This workshop demonstrated how Art and Science could be melded into one project. The perfect example is the phenakistoscope, an early animation tool that utilized a series of images that appeared to be moving if the phenakistoscope was spun at the correct speed. 

Ms. Parks generously provided two lunch times and her classroom to help supervise this exciting STEAM workshop. 

“It’s a really great opportunity to connect Science and Art and actually give the students an opportunity at lunchtime for a cool activity. We’re going to have it available for next week as well, just to make sure that the Grade 6s can have a chance,” Ms.

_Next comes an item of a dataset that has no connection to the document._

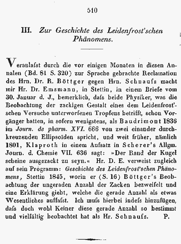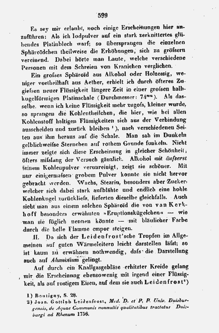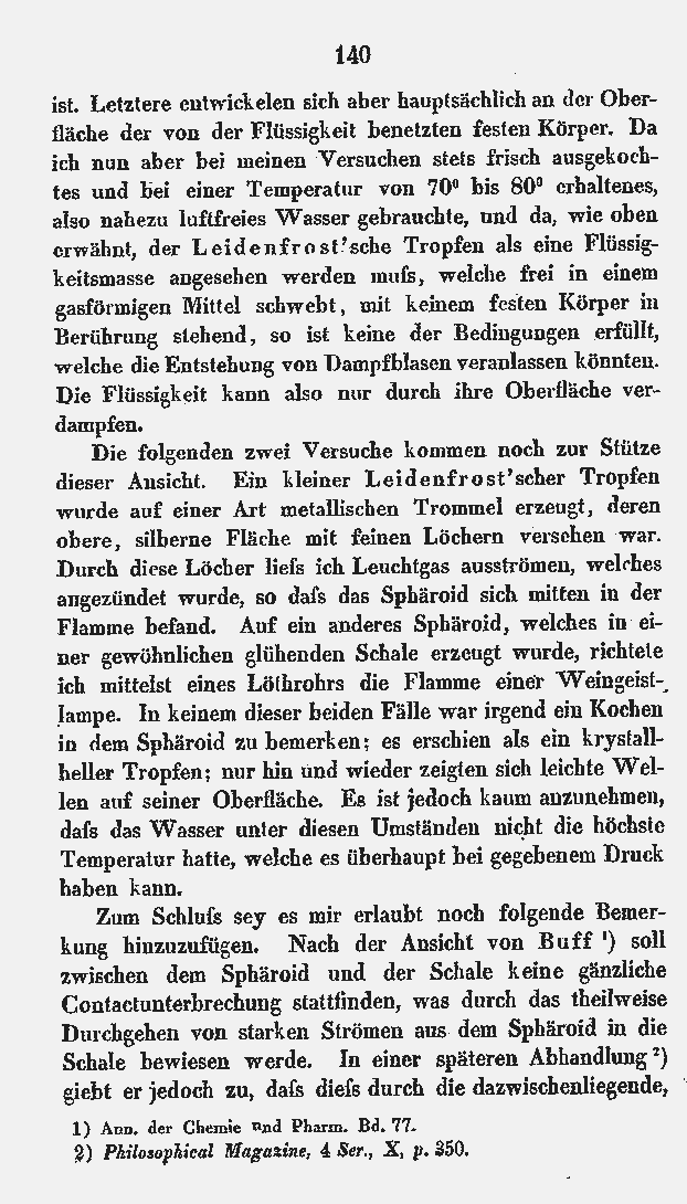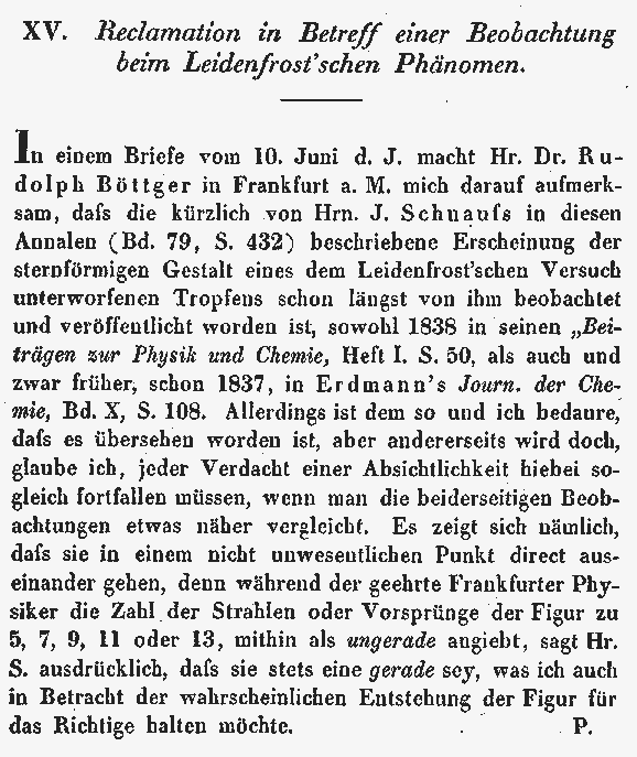 1850 Böttger Reclamation in Betreff einer Beobachtung beim Leidenfrost'schen Phänomen Annalen der Physik und Chemie 157 (2-81) 320

Parks explained. 

Reese Suntok ’26, one of the students who attended the workshop, said, “I liked how it was creative and how it explained how to work the phenakistoscope. A demo was shown and we were given the opportunity to create one ourselves!” 

After examining different examples of phenakistoscopes, the students were set free to cut out the provided phenakistoscope stencils. Mirrors were provided and students could look at their phenakistoscope reflection and spin it. They experimented with different speeds and tried to find the right speed to allow the animations to flow smoothly. The students were also given a chance to draw their own animations. 

The workshop will continue for one more session on Tuesday, May 31, 2022 to provide others a chance to make a phenakistoscope. All students are welcome! The workshop will take place in Brooks 200, from 12:15 to 12:45.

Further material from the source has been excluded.